Start of Material provided
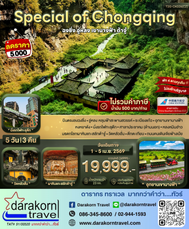 โปรไฟไหม้ ทัวร์จีน Special Of Chongqing 5วัน3คืน โปรแรง ลดราคา 5000 บาท จองด่วน Posted on March 30, 2026 by Sales Darakorn Travel 30 Mar ทัวร์จีน Special Of Chongqing 5วัน3คืน โปรแรง ลดราคา 5000 บาท จองด่วน หลุมฟ้าสะพานสวรรค์ ระเบียงแก้ว อุทยานเขานางฟ้า หงหยาต้ง นั่งระถไฟทะลุตึก ผาหินแกะสลักต้าจู๋ วันเดินทาง 01 – 05 เม.ย.69 จากราคา 24,999.- เหลือเพียง 19,999.- Facebook iconFacebookTwitter iconTwitterLINE iconLine Sales Darakorn Travel ทัวร์ญี่ปุ่น โตเกียว คาวาโกเอะ สปริง 5วัน3คืน โปรแรง ลดราคา 8000 บาท จองด่วน ทัวร์จีน เฉิวตู ต่ากู่ สี่ดรุรี จิวจ่ายโกว 6วัน5คืน โปรแรง ลดราคา 2000 บาท จองด่วน
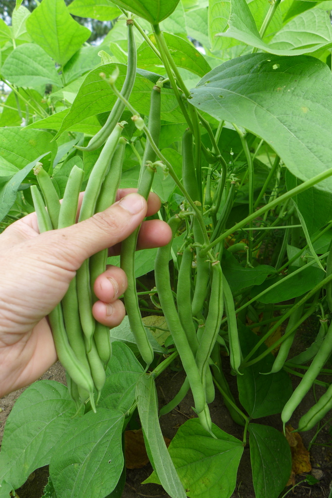 Bush snap bean. Green, round, fleshy pods, 13 to 15 cm, excellent flavor. Plant height 50 to 65 cm. Good choice for freezing and canning. The brown beans, speckled with beige, can be used as dry beans. 1950 AAS winner. 50 days to maturity.
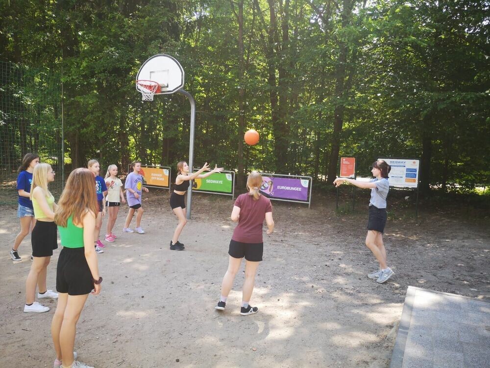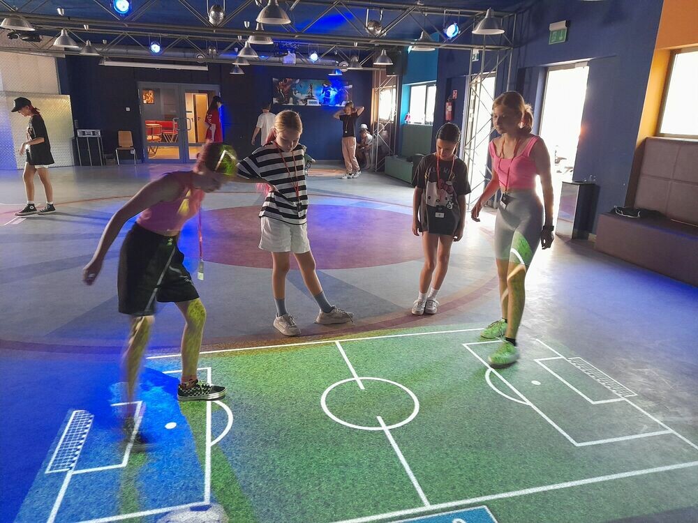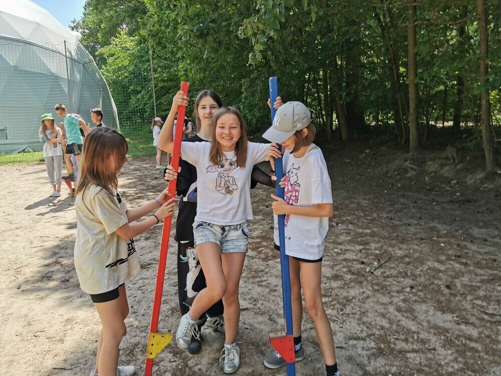 Dzień zaczęliśmy od wycieczki rowerkami wodnymi po jeziorze Łęsk. Następnie spotkaliśmy się z panią pielęgniarka, żeby zapoznać się z podstawowymi zasadami bezpieczeństwa zdrowotnego oraz zostaliśmy zapoznani z ofertą zajęć fakultatywnych. Spędziliśmy miły czas na plaży, a później zagraliśmy w piłkę na opak – korfball (inna forma koszykówki) i passball (piłka nożna w specjalnych strojach). Mieliśmy także okazję biegać po wodzie! Odbyło się to w specjalnych kulach, które to umożliwiały. Sprawdziliśmy również swoje możliwości na ściance wspinaczkowej, a później przygotowywaliśmy się do lotu w kosmos za pomocą żyroskopu. Obracał on nas we wszystkie możliwe strony! To był naprawdę super dzień.
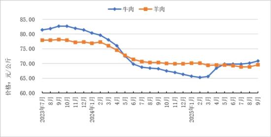 全国市场的数据也差不多:整个9月,全国牛肉平均价格70.90元/公斤,羊肉69.59元/公斤。但是,对比2023年,牛羊肉依然每公斤跌了10元左右。
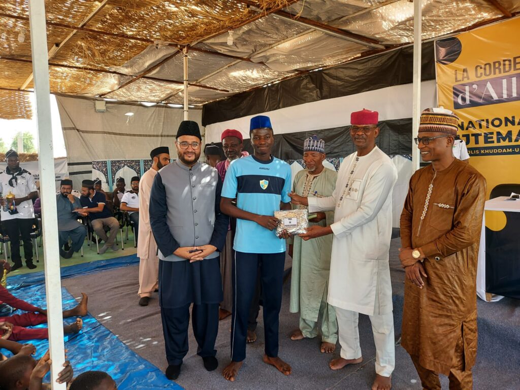 نائیجرکے طول و عرض سے خدام سالانہ اجتماع میں شمولیت کے لیے مورخہ۹؍مئی ۲۰۲۵ء کوریجن مارادی کے ڈیپارٹمنٹ گڈاں رومجی میں واقع محمد آباد تشریف لے آئے۔ بایں ہمہ نماز جمعہ سے قبل حضور انور ایدہ اللہ تعالیٰ کے خطبہ جمعہ کا براہ راست ایم ٹی اے پر ’ہاؤسا‘ زبان میں ترجمہ سنا گیا اور نماز جمعہ ادا کی گئی۔
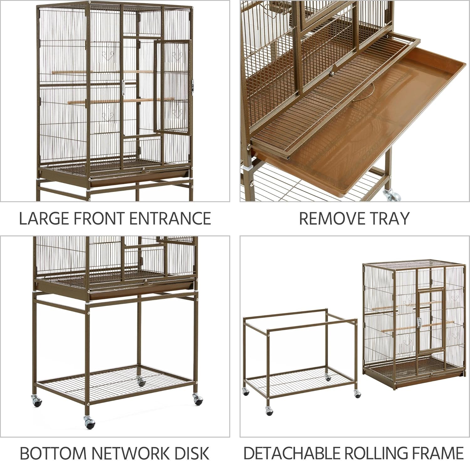 - Mobile Large Bird Cage: Equipped with 360° swivel wheels, this parrot cage glides easily from room to room. Use it with the stand or place the cage directly on a table—flexible for any setup
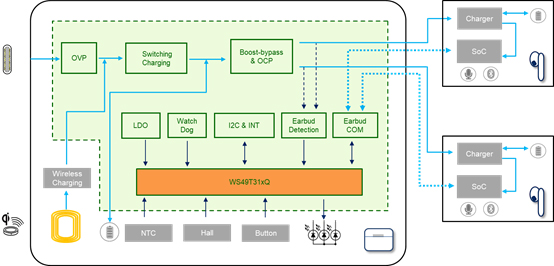 WS49T31xQ系列對功耗進(jìn)行了優(yōu)化設(shè)計, Standby mode功耗控制在1.5μA以下,低功耗特性大幅延長整機(jī)的續(xù)航時間,非常適合電池供電設(shè)備的應(yīng)用。另外,數(shù)字,模擬,Core獨(dú)立供電設(shè)計,數(shù)字接口可通過VDDIO自由選擇1.8V~3.3V邏輯電平,極大的方便了外設(shè)的連接。我們?nèi)砸訲WS耳機(jī)盒應(yīng)用為例,與耳機(jī)通訊的UART接口設(shè)定為1.8V電平,ADC可以工作在3.3V,這樣既可直接適配耳機(jī)端通信,又能夠保證ADC采集的精度和量程,節(jié)省了電平轉(zhuǎn)換的成本。最后,獨(dú)立PWM模塊可直接驅(qū)動2顆RGB LED,進(jìn)一步節(jié)省了外圍元器件。
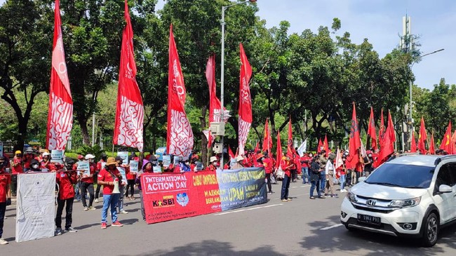 Pantauan detikcom di lokasi, ratusan massa buruh berkumpul di depan kantor Balai Kota DKI Jakarta. Mereka tampak menggunakan baju berwarna merah sambil membawa atribut aksi, seperti banner dan spanduk.
End of Material provided
About this task
Retype the listing above exactly, pictures excluded.

Written solution
 โปรไฟไหม้ ทัวร์จีน Special Of Chongqing 5วัน3คืน โปรแรง ลดราคา 5000 บาท จองด่วน Posted on March 30, 2026 by Sales Darakorn Travel 30 Mar ทัวร์จีน Special Of Chongqing 5วัน3คืน โปรแรง ลดราคา 5000 บาท จองด่วน หลุมฟ้าสะพานสวรรค์ ระเบียงแก้ว อุทยานเขานางฟ้า หงหยาต้ง นั่งระถไฟทะลุตึก ผาหินแกะสลักต้าจู๋ วันเดินทาง 01 – 05 เม.ย.69 จากราคา 24,999.- เหลือเพียง 19,999.- Facebook iconFacebookTwitter iconTwitterLINE iconLine Sales Darakorn Travel ทัวร์ญี่ปุ่น โตเกียว คาวาโกเอะ สปริง 5วัน3คืน โปรแรง ลดราคา 8000 บาท จองด่วน ทัวร์จีน เฉิวตู ต่ากู่ สี่ดรุรี จิวจ่ายโกว 6วัน5คืน โปรแรง ลดราคา 2000 บาท จองด่วน
 Bush snap bean. Green, round, fleshy pods, 13 to 15 cm, excellent flavor. Plant height 50 to 65 cm. Good choice for freezing and canning. The brown beans, speckled with beige, can be used as dry beans. 1950 AAS winner. 50 days to maturity.
 Dzień zaczęliśmy od wycieczki rowerkami wodnymi po jeziorze Łęsk. Następnie spotkaliśmy się z panią pielęgniarka, żeby zapoznać się z podstawowymi zasadami bezpieczeństwa zdrowotnego oraz zostaliśmy zapoznani z ofertą zajęć fakultatywnych. Spędziliśmy miły czas na plaży, a później zagraliśmy w piłkę na opak – korfball (inna forma koszykówki) i passball (piłka nożna w specjalnych strojach). Mieliśmy także okazję biegać po wodzie! Odbyło się to w specjalnych kulach, które to umożliwiały. Sprawdziliśmy również swoje możliwości na ściance wspinaczkowej, a później przygotowywaliśmy się do lotu w kosmos za pomocą żyroskopu. Obracał on nas we wszystkie możliwe strony! To był naprawdę super dzień.
 全国市场的数据也差不多:整个9月,全国牛肉平均价格70.90元/公斤,羊肉69.59元/公斤。但是,对比2023年,牛羊肉依然每公斤跌了10元左右。
 نائیجرکے طول و عرض سے خدام سالانہ اجتماع میں شمولیت کے لیے مورخہ۹؍مئی ۲۰۲۵ء کوریجن مارادی کے ڈیپارٹمنٹ گڈاں رومجی میں واقع محمد آباد تشریف لے آئے۔ بایں ہمہ نماز جمعہ سے قبل حضور انور ایدہ اللہ تعالیٰ کے خطبہ جمعہ کا براہ راست ایم ٹی اے پر ’ہاؤسا‘ زبان میں ترجمہ سنا گیا اور نماز جمعہ ادا کی گئی۔
 - Mobile Large Bird Cage: Equipped with 360° swivel wheels, this parrot cage glides easily from room to room. Use it with the stand or place the cage directly on a table—flexible for any setup
 WS49T31xQ系列對功耗進(jìn)行了優(yōu)化設(shè)計, Standby mode功耗控制在1.5μA以下,低功耗特性大幅延長整機(jī)的續(xù)航時間,非常適合電池供電設(shè)備的應(yīng)用。另外,數(shù)字,模擬,Core獨(dú)立供電設(shè)計,數(shù)字接口可通過VDDIO自由選擇1.8V~3.3V邏輯電平,極大的方便了外設(shè)的連接。我們?nèi)砸訲WS耳機(jī)盒應(yīng)用為例,與耳機(jī)通訊的UART接口設(shè)定為1.8V電平,ADC可以工作在3.3V,這樣既可直接適配耳機(jī)端通信,又能夠保證ADC采集的精度和量程,節(jié)省了電平轉(zhuǎn)換的成本。最后,獨(dú)立PWM模塊可直接驅(qū)動2顆RGB LED,進(jìn)一步節(jié)省了外圍元器件。
 Pantauan detikcom di lokasi, ratusan massa buruh berkumpul di depan kantor Balai Kota DKI Jakarta. Mereka tampak menggunakan baju berwarna merah sambil membawa atribut aksi, seperti banner dan spanduk.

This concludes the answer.